Donadio S, Hutchinson C R
Corporate Molecular Biology, Abbott Laboratories, Abbott Park, IL 60064.
Gene. 1991 Apr;100:231-5. doi: 10.1016/0378-1119(91)90372-i.
The Saccharopolyspora erythraea gene (fdxA) corresponding to a previously purified ferredoxin [Shafiee and Hutchinson, J. Bacteriol., 170 (1988) 1548-1553] was cloned using an oligodeoxyribonucleotide probe based on the N-terminal sequence of the ferredoxin. The nucleotide sequence of a 1.3-kb segment encompassing fdxA indicates that the corresponding protein, SeFdI, is 105 amino acids long, and very similar to other 7Fe ferredoxins. A partial open reading frame closely linked to fdxA was also detected. Disruption of fdxA was attempted by replacing the wild-type allele with an in vitro mutated copy. The failure to construct an fdxA mutant strain suggests that fdxA lies in an essential region of the S. erythraea chromosome.
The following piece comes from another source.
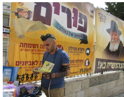
פורים, תפילין וגאולה תושב העיר בית שמש מניח תפילין בדוכן פורים. אמרו חז"ל: (וששון) ויקר - אלו תפילין

מבצעים אלו נבחרו בקפידה על ידי הרבי שליט"א מלך המשיח, בהיותם "מצוות כלליות" שאותם יש לקיים בהידור רב יותר ובזריזות גדולה יותר מאשר כל מצוה

对应于先前纯化的铁氧化还原蛋白的糖多孢红霉菌基因(fdxA)[沙菲和哈钦森,《细菌学杂志》,170(1988)1548 - 1553],使用基于该铁氧化还原蛋白N端序列的寡脱氧核糖核苷酸探针进行克隆。包含fdxA的1.3 kb片段的核苷酸序列表明,相应的蛋白质SeFdI长105个氨基酸,并且与其他7Fe铁氧化还原蛋白非常相似。还检测到一个与fdxA紧密相连的部分开放阅读框。试图通过用体外突变的拷贝替换野生型等位基因来破坏fdxA。未能构建出fdxA突变菌株表明fdxA位于糖多孢红霉菌染色体的一个必需区域。